"Chai" in India comes in many hues of brown (or pink!), densities and flavors - just like Indian food; it varies in the ways it is served, poured, how it is made and the ingredients used from North to South, East to West. ⁠Not many may know it also varies in the ways it is consumed too. 

Irani Chai is iconic in Hyderabad and has been part of the city's culture for over a century, which we had a chance to try on our last Rural Escape in Telangana. The Iranian migrants have set up Irani Cafes in the city, and the tea served here came to be known as Irani Chai.

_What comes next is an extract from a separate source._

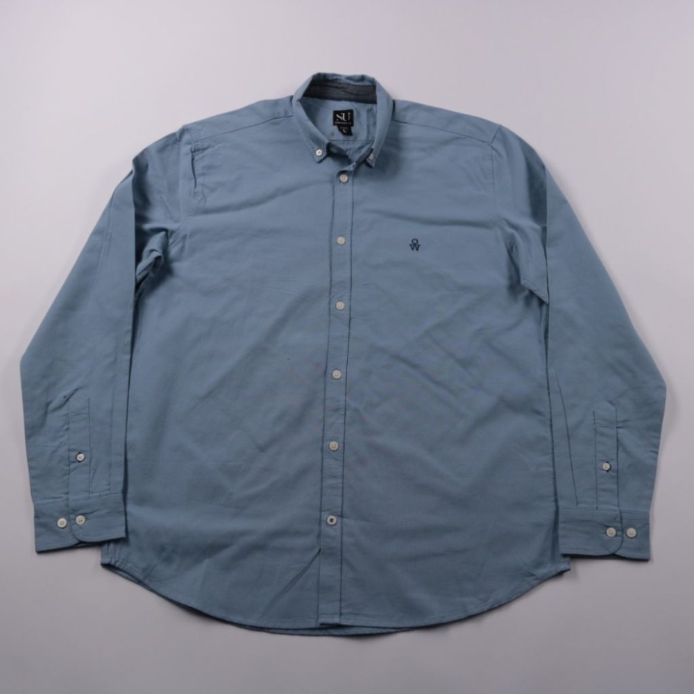 Мужская рубашка Straight Up из оксфордского хлопка, спокойного голубого цвета, с классическим воротником на пуговицах и вышитым логотипом на груди. Подойдёт для офиса и повседневных образов с джинсами или брюками. Натуральный хлопок хорошо дышит и комф...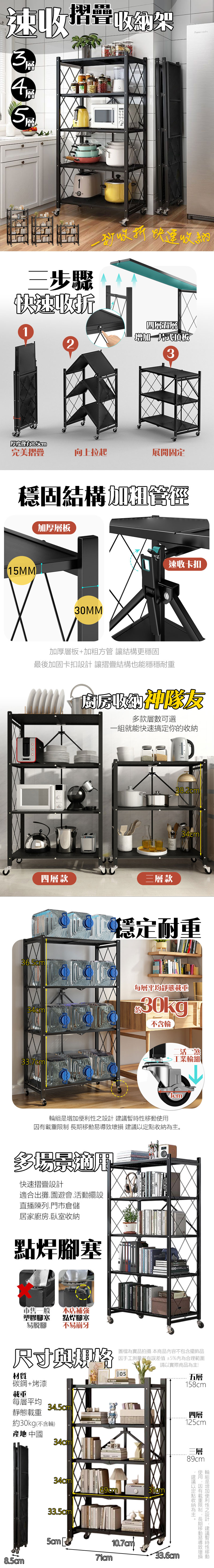 可拆調卡扣式三板一籃收納推車 SL4035-4BK

Tea in Iran is usually drunk black but the irani chai of half decoction and half milk represents the wonders and deliciousness of evolving and combining cultures.

The dum process

As opposed to traditional Indian chai, where the tea leaves and milk are boiled together, Irani chai prepares the tea and milk boils in separate containers. Here the strong decoction of infused tea dust and sugar is kept on a cooking technique called dum, which basically means it is sealed and airtight so the flavours concentrate within the pot.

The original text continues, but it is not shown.